Scott Joplin is one of those rare, transcendent composers who in the popular consciousness fully embodies an entire genre. While he had ambitions to expand his musical influence, writing two operas and some folk ballet music, it is fair to say that his success outside ragtime was limited. Conversely, outside the brilliancy of Scott Joplin, the whole genre of ragtime seems to have been left to the past. Much like Bob Marley in the realm of Reggae, if one comes upon a piano rag that seems familiar, there is virtually no chance that it was not written by Scott Joplin. Thus it seems natural to collect his best known rags into a single recording, which is done here with better than average success.

The temptation for most performers when playing ragtime music is to accelerate the performance tempo in order to show off some level of playing virtuosity that these pieces could lend themselves to, but is actually quite out of character. Alexander Peskanov, the pianist on these recordings, largely resists that particular temptation and gives solid performances throughout. The Maple Leaf Rag, one of those omnipresent tunes in Western Culture, leads off the disc with an exuberance that seems to characterize the entire genre. The next several pieces show the proper restraint shown by someone who has educated themselves in the genre. Pine Apple Rag feels hurried at times, as if Peskanov really wanted to get to his favorite parts then linger lovingly over other passages. However his performances of Heliotrope Bouquet, Solace: "A Mexican Serenade", and Pleasant Moments: "Ragtime Waltz" are among the better examples of what characterizes a good ragtime performance.

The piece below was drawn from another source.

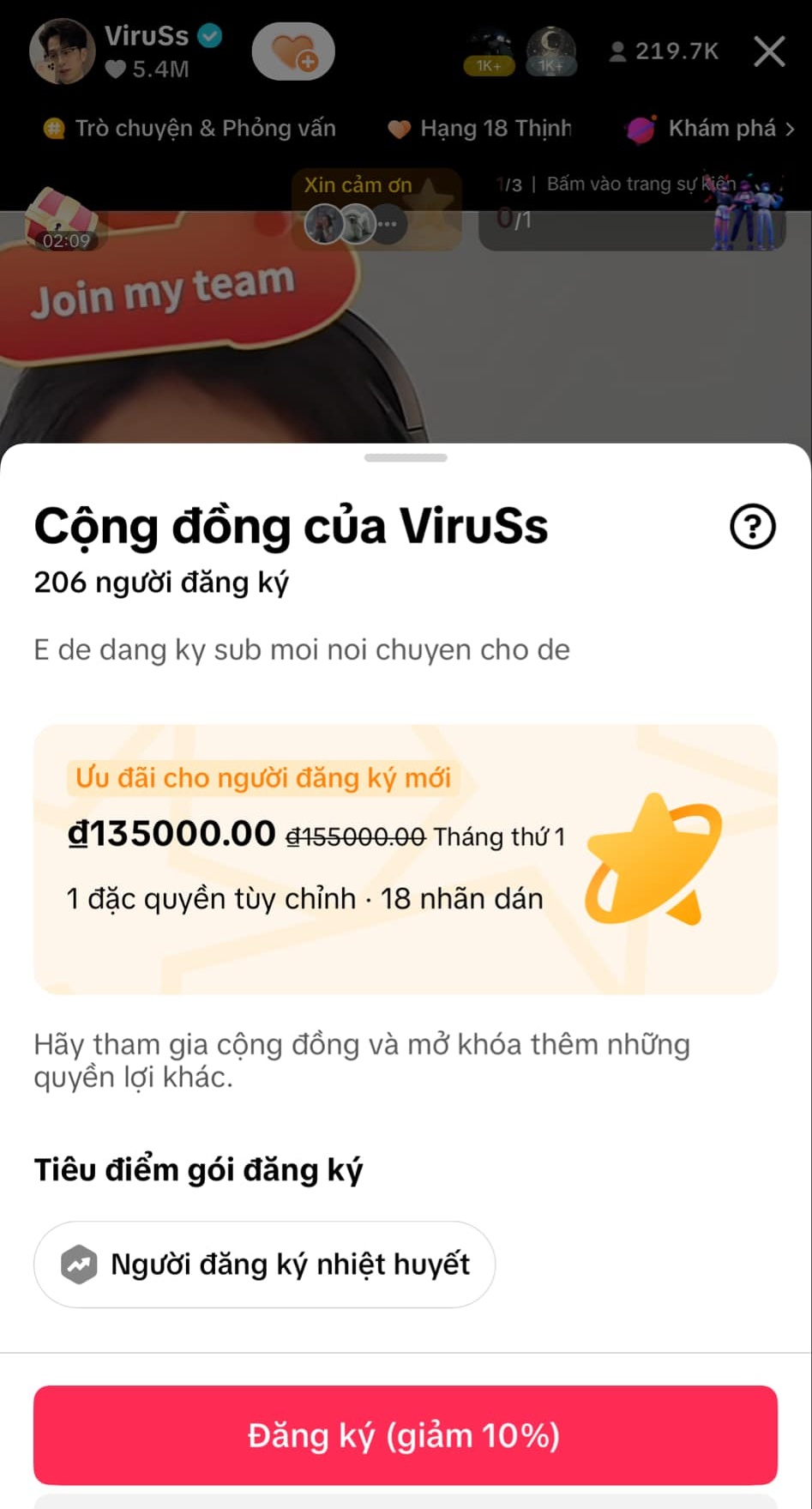 Tính đến 12h57 - sau khi ViruSs livestream diễn ra được hơn 2 tiếng, đã có 206 người đăng ký. Theo tìm hiểu, mức phí đăng ký LIVE mà nền tảng đưa ra là 155.000 VNĐ/ tháng. Hiện tại người đăng ký mới đang có ưu đãi nên còn 135.000 VNĐ/ tháng.

The music is treated with respect and admiration, not simply tossed off like so many notes.

Aside from The Maple Leaf Rag, the other pieces likely to be familiar to most listeners are Original Rag and The Entertainer: ‘A Ragtime Two-Step’ and The Easy Winners, both of which figured prominently into the soundtrack of the classic 1973 movie The Sting. Each of these is performed well, in a fashion that is both familiar and appropriate to the style. The Entertainer is probably the most famous rag ever, and as such could have been performed with an eye on remaking it, or perhaps been given a less-than-enthused performance. Luckily it is given the same respect and care accorded the rest of the album, and the end result is a fine performance. The Easy Winners also sounds much as it did in the movie rendition, which is probably a good thing.

The overall result of this album is an appreciation for the music of Scott Joplin. Alexander Peskanov does well recreating the music of the ragtime era. If one has any desire to find a good collection of ragtime music or to further explore the music of Joplin, this would be a good place to start.